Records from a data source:
_ _ _ _ _
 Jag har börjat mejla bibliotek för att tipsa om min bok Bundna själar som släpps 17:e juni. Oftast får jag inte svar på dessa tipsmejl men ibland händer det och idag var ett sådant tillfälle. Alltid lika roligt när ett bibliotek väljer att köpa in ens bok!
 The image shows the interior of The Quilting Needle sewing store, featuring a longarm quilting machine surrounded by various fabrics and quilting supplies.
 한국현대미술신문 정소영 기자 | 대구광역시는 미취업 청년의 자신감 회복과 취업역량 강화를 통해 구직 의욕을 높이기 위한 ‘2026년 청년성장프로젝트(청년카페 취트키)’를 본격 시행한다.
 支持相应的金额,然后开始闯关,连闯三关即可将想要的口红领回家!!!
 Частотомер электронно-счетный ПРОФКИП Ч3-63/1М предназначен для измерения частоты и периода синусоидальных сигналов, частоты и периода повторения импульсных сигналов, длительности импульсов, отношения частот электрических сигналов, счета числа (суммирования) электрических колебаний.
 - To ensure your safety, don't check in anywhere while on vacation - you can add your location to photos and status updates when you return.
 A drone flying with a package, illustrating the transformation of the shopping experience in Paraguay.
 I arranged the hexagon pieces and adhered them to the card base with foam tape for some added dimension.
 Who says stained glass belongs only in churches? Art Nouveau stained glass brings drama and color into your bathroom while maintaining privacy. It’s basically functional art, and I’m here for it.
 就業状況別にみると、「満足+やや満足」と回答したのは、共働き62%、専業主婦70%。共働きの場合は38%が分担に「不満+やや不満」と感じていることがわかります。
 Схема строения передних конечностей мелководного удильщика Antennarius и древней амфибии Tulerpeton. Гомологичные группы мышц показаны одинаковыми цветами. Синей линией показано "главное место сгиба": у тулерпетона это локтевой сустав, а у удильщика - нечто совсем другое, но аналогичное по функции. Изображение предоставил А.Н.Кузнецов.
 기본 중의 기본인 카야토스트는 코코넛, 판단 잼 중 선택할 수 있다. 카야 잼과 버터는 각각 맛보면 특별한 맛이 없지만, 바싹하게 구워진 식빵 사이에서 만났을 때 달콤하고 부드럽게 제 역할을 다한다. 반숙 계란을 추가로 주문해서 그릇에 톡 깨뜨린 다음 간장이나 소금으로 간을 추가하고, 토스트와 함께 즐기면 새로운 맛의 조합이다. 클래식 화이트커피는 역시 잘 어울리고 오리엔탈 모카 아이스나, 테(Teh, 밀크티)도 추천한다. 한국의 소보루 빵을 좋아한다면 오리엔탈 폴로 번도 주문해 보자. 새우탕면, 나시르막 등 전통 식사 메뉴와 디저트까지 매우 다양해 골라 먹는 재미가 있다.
_ _ _ _ _
» **About this task**:
Could all of the entries be retyped word for word?

» **Result**:
 Jag har börjat mejla bibliotek för att tipsa om min bok Bundna själar som släpps 17:e juni. Oftast får jag inte svar på dessa tipsmejl men ibland händer det och idag var ett sådant tillfälle. Alltid lika roligt när ett bibliotek väljer att köpa in ens bok!
 The image shows the interior of The Quilting Needle sewing store, featuring a longarm quilting machine surrounded by various fabrics and quilting supplies.
 한국현대미술신문 정소영 기자 | 대구광역시는 미취업 청년의 자신감 회복과 취업역량 강화를 통해 구직 의욕을 높이기 위한 ‘2026년 청년성장프로젝트(청년카페 취트키)’를 본격 시행한다.
 支持相应的金额,然后开始闯关,连闯三关即可将想要的口红领回家!!!
 Частотомер электронно-счетный ПРОФКИП Ч3-63/1М предназначен для измерения частоты и периода синусоидальных сигналов, частоты и периода повторения импульсных сигналов, длительности импульсов, отношения частот электрических сигналов, счета числа (суммирования) электрических колебаний.
 - To ensure your safety, don't check in anywhere while on vacation - you can add your location to photos and status updates when you return.
 A drone flying with a package, illustrating the transformation of the shopping experience in Paraguay.
 I arranged the hexagon pieces and adhered them to the card base with foam tape for some added dimension.
 Who says stained glass belongs only in churches? Art Nouveau stained glass brings drama and color into your bathroom while maintaining privacy. It’s basically functional art, and I’m here for it.
 就業状況別にみると、「満足+やや満足」と回答したのは、共働き62%、専業主婦70%。共働きの場合は38%が分担に「不満+やや不満」と感じていることがわかります。
 Схема строения передних конечностей мелководного удильщика Antennarius и древней амфибии Tulerpeton. Гомологичные группы мышц показаны одинаковыми цветами. Синей линией показано "главное место сгиба": у тулерпетона это локтевой сустав, а у удильщика - нечто совсем другое, но аналогичное по функции. Изображение предоставил А.Н.Кузнецов.
 기본 중의 기본인 카야토스트는 코코넛, 판단 잼 중 선택할 수 있다. 카야 잼과 버터는 각각 맛보면 특별한 맛이 없지만, 바싹하게 구워진 식빵 사이에서 만났을 때 달콤하고 부드럽게 제 역할을 다한다. 반숙 계란을 추가로 주문해서 그릇에 톡 깨뜨린 다음 간장이나 소금으로 간을 추가하고, 토스트와 함께 즐기면 새로운 맛의 조합이다. 클래식 화이트커피는 역시 잘 어울리고 오리엔탈 모카 아이스나, 테(Teh, 밀크티)도 추천한다. 한국의 소보루 빵을 좋아한다면 오리엔탈 폴로 번도 주문해 보자. 새우탕면, 나시르막 등 전통 식사 메뉴와 디저트까지 매우 다양해 골라 먹는 재미가 있다.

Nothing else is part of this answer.